There are more native non-electrostatic contacts (2.1) than native electrostatic contacts (0.1) in the encounter complex. Likewise, all the native non-electrostatic contacts are long-ranged (distance longer than 6.0 Å, Fig 5C). We note that there are also many non-native non-electrostatic interactions within the encounter complex (average 7.5, Fig 5C). However, none of the non-native non-electrostatic interactions has a probability > 0.05 (S3 Fig).
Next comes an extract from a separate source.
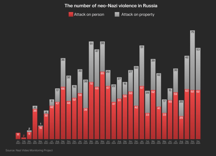 Graf som viser antall tilfeller av nynazistisk vold i Russland, fordelt på angrep på personer og angrep på eiendom, siden januar 2023. (Kilde: Informasjon via Nazi Video Monitoring Project)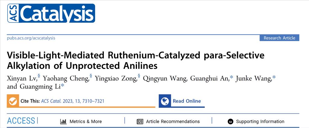 近日,我校甘肃省河西走廊特色资源利用重点实验室王俊科课题组与黑龙江大学李光明/安光辉课题组合作在催化领域期刊《ACS Catalysis》(中科院一区,影响因子13.7),发表了以“Visible-Light-Mediated Ruthenium-Catalyzed para-Selective Alkylation of Unprotected Anilines”(DOI: 10.1021/acscatal.3c00901)为题的研究论文。我校宗盈晓教授和黑龙江大学硕士生吕新焱和程瑶航为该论文共同第一作者,我校王俊科教授和黑龙江大学李光明教授、安光辉教授为该论文的通讯作者。该研究工作得到了国家自然科学基金项目、甘肃省重点研发计划、黑龙江省普通本科高等学校青年创新人才培养计划等项目的资助。

To dissect more fully the role of electrostatic forces from non-electrostatic ones in formation of the encounter complex we also performed simulations in the absence of charges for comparison. As previously very few native contacts were formed between previously charged residues. However the average number of non-native electrostatic contacts, both “opposite-charged” and “same-charged”, decreased to 2.1 and 1.9 respectively. The probability distribution of contact numbers has also changed so that the most likely number of contacts is 0 (Fig 7A and 7B), rather than 7 and 4 as obtained in simulations including electrostatics (10 mM). Most of the contacts formed are long-range. Examining the changes at the residue specific level indicates that this is mainly a result of a large decrease in “opposite-charged” contacts between Glu2/Glu3/Glu4/Glu5 of of PUMA and Mcl-1 (Fig 7D and S4A Fig), which will also affect the non-electrostatic interactions at this region (S4C Fig).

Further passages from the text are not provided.